FabLab UniTrento, DISI Department, Via Sommarive 9, Povo, Trento

Learning Identity Effects with Graph Neural Networks

Giuseppe Alessio D'inverno (University of Siena)

Graph Neural Networks (GNNs) have emerged in the past years as a powerful tool to learn tasks on a wide range of graph domains in a data-driven fashion; among all the proposed models, the so-called Message-Passing GNNs (MP-GNNs) have gained more and more popularity for their intuitive formulation, strictly linked with the Weisfeiler-Lehman (WL) test for graph isomorphism, which they have been proven equivalent to. From a theoretical point of view, MP-GNNs have been shown to be universal approximators and their generalization capabilities have been recently investigated for MP-GNNs, under a variety of generalization measures (VC-dimension, Rademacher complexity, etc).The aim of our work is to show the potential and practical limitations on the generalization capabilities of MP-GNNs in their (in)ability to learn the so-called identity effects, i.e. the task of determining if an object is composed of two identical patterns or not.
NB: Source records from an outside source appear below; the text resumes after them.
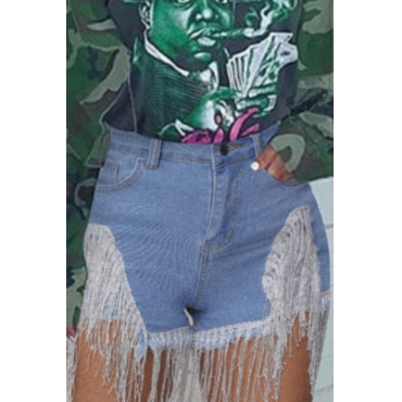 Lovely Trendy Broken Holes Tassel Design Babyblue Denim Shorts
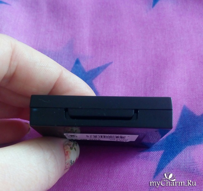 Стандартная, весьма удобная. На крышечке в окошко видны сами тени. Открывается без проблем (лак не скалывается, ногти не ломаются).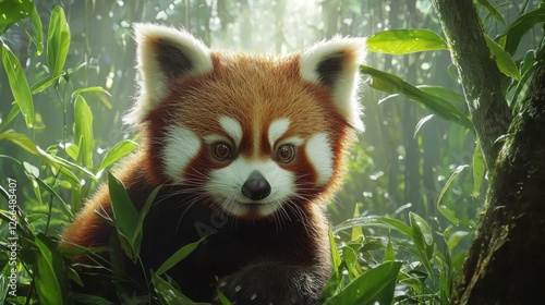 Charming Red Panda Relaxing in a Lush Green Forest Environment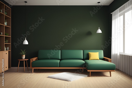 © Floor, Fototapeta premium Dark green home interior with old retro furniture, 3d render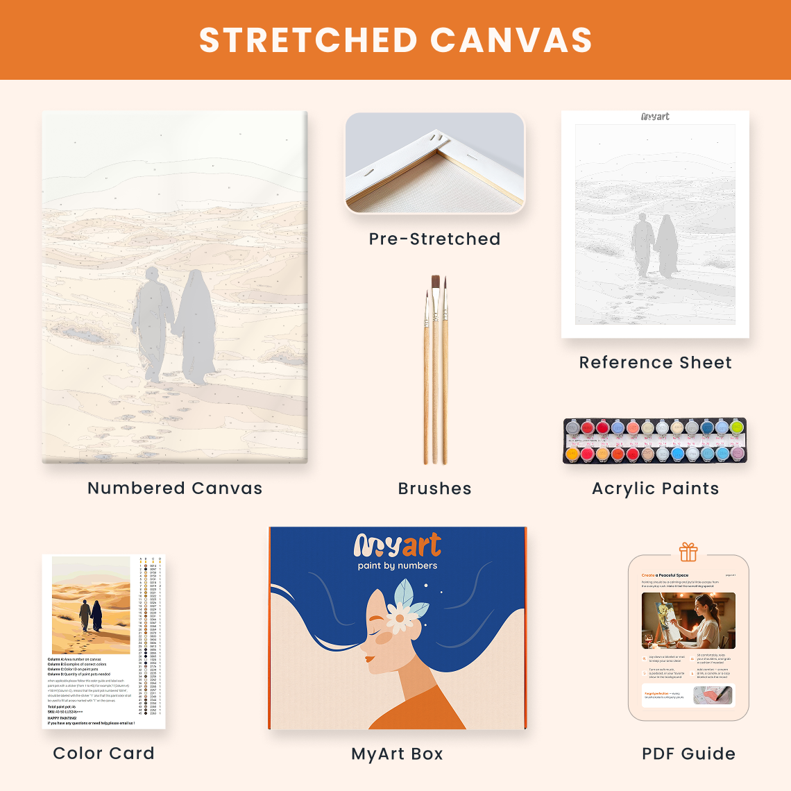 The canvas is pre-stretched on a wooden frame — ready to hang when finished.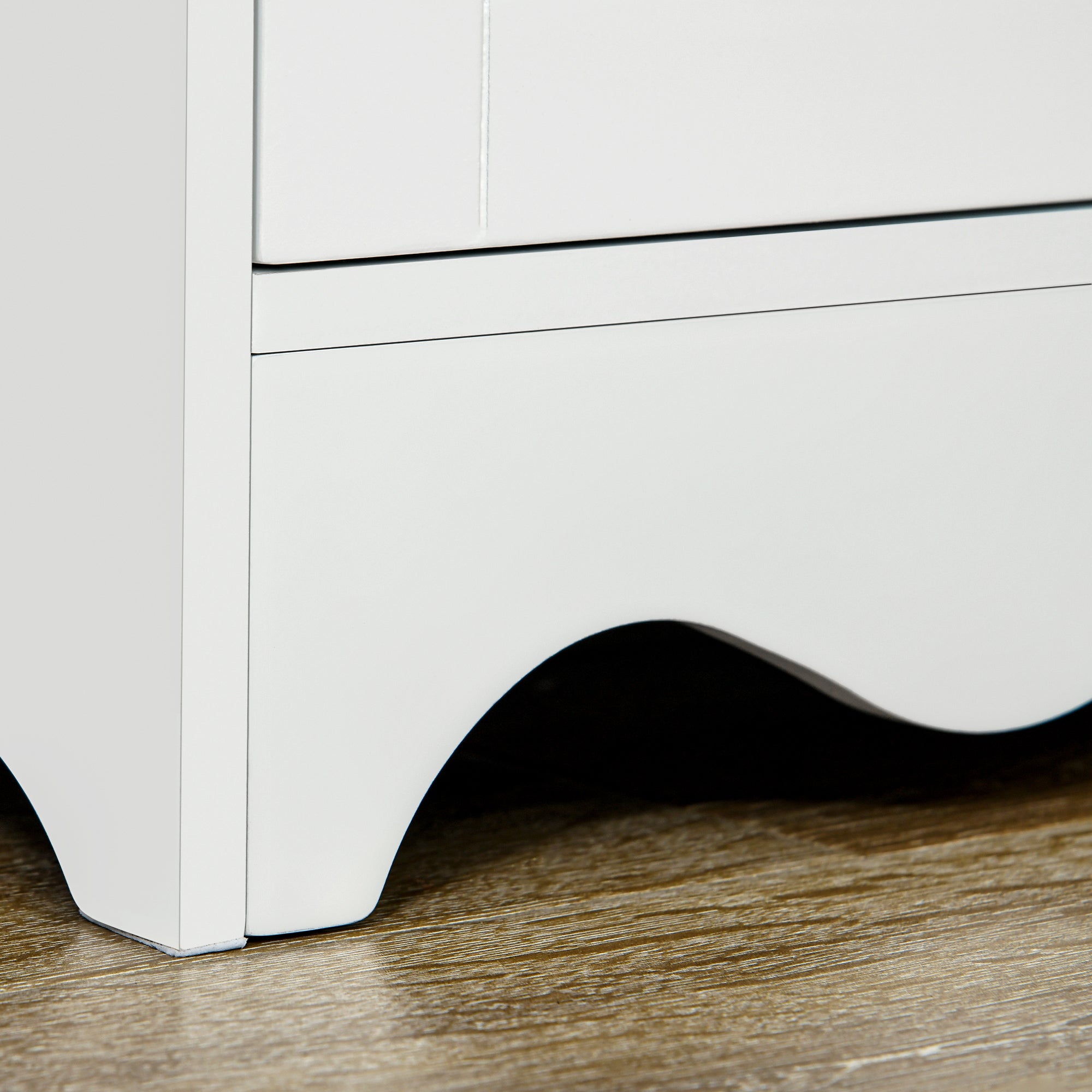 Kitchen running out of space? This tall storage cabinet will help tremendously. It comes with six tiers inside, divided into two sections - plenty of room for keeping all kitchen essentials stored. The white and wood-effect design is classic and versatile - it'll blend itself in beautifully with ease. Now you'll never an untidy kitchen and dining space again.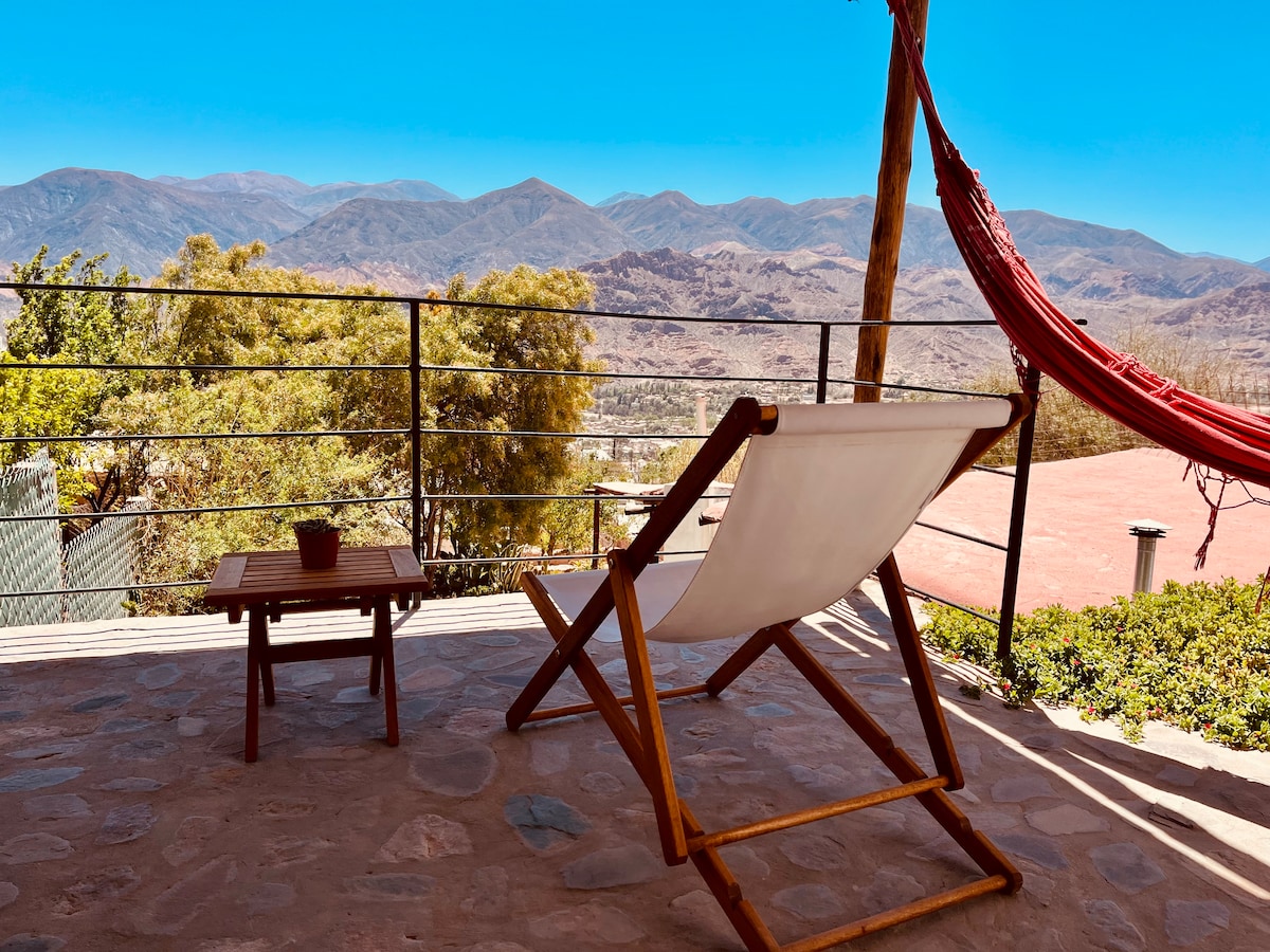 Casita ubicada a 700 metros del centro de Tilcara, ideal para 2 personas, tanto para viaje de vacaciones como para espacio de trabajo. Espacio máximo para 3 personas. Dos habitaciones, living comedor, cocina equipada y completa y dos patios con vistas a Tilcara, el Río Grande y los cerros como telón de fondo.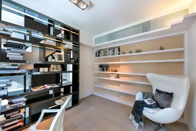 諾大的玻璃落地窗外探出的絲絲綠意,打破了極簡空間的沉悶感,讓住戶擁抱來自清晨的第一縷陽光。而書房是一隅凈化心靈的居心地,窗內白色搭配原木色,干凈雅致。窗外草色入簾青。是住戶靜心潛讀的不二之選。插入金屬黑的書柜,又不失現代感。
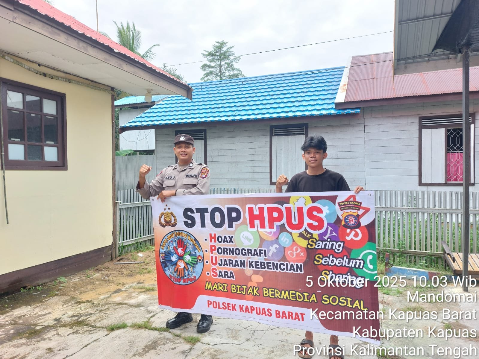 Kapolsek Kapuas Barat IPDA Prasetyo Lami, S.E. menyampaikan, anggotanya rutin mensosialisasikan program pemerintah tentang HPUS (Hoax, Pornografi, Ujaran Kebencian dan Sara) kepada warga dengan menggunakan media spanduk imbauan.

We analyze two case studies: two-letters words, extending the existing results for MLPs and RNNs presented in [1], for which it is shown that, using SGD training, the neural network is not able to generalize to unseen patterns, since the training set is invariant to orthogonal transformations; dicyclic graphs, i.e. graphs composed by two cycles of any length, for which we present positive theoretical results, partially supported by numerical results. The theoretical analysis is supported by an extensive experimental study. [1] Brugiapaglia, Simone, M. Liu, and Paul Tupper. Invariance, encodings, and generalization: learning identity effects with neural networks. Neural Computation 34.8 (2022): 1756-1789.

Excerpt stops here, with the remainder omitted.